Gravell asked the county’s Commissioners Court during a Feb. 19 meeting to nominate members of a nine-person county bond committee to look into the possibility of a future bond election and prioritize roads and parks projects in the county. As the committee’s work wraps up, Gravell reflects on his first six months in office and what direction growth will take the county.
In your first six months in office, what is something you set out to accomplish and have?
It is a major priority for me to communicate well with our community and to communicate well with our employees. I thought at least the communicating well with our employees would be a two-, three- [or] four-year process, [but] I think we’ve accomplished great strides [already].
Williamson County is one of the fastest-growing counties in Texas. What is your role in preparing for that growth?
We must have paths and corridors that connect people. And with that, I asked our court to create a bond committee not just to look at the possibility of future road bonds but to look at the possibilities of prioritizing our future paths, our future roads [and our] future parks. We empowered a committee of nine to go do this and come back and tell us the truth. We’re looking for what the future holds. I’m going to ask the citizens, “Do you want this bond package or not? Do you want these roads or this park or not?” And we’ll respect that [decision].

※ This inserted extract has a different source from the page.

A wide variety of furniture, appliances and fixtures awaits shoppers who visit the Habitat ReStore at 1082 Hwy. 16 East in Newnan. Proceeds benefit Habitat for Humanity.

Williamson County is also a diverse county with urban cities and small agricultural towns. How does the county balance resources and needs for residents with different priorities?
Williamson County is amazing because it’s diverse. As a county judge, I might be dealing with something like Apple that is putting in a $1 billion complex and has some of the most innovative technology in the world in one piece of the county, and then in another piece of the county I get a phone call because the city of Granger has a water leak. We will never forget in Williamson County that it’s our farmers and ranchers who are the backbone of what we do.

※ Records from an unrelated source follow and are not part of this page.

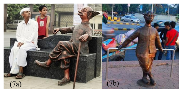
Fig. 7 (a) R.K. Laxman's Common Man at Worli sea face, Mumbai [15] (b) R.K. Laxman's Common Man at Worli sea face, Mumbai [16]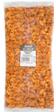
MIXED NUTS WITH CHILI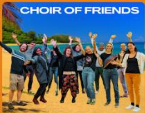
CHOIR OF FRIENDS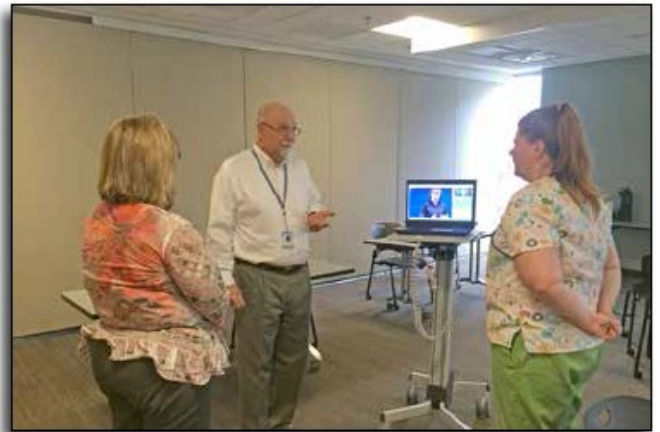
An interpreter translating in American Sign Language during training.

How does the county maintain affordability for its residents with growing property values and infrastructure needs?
It’s hard. The problem is that we’re such an attractive community, and we have businesses from around the world that want to come here. And when they come here, they’ve got employees who need a place to live, eat [and] shop. If we were less attractive, we would be a whole lot more affordable. If we were less successful, we would be a whole lot more affordable. The problem is the affordability issue is really just a result of our success.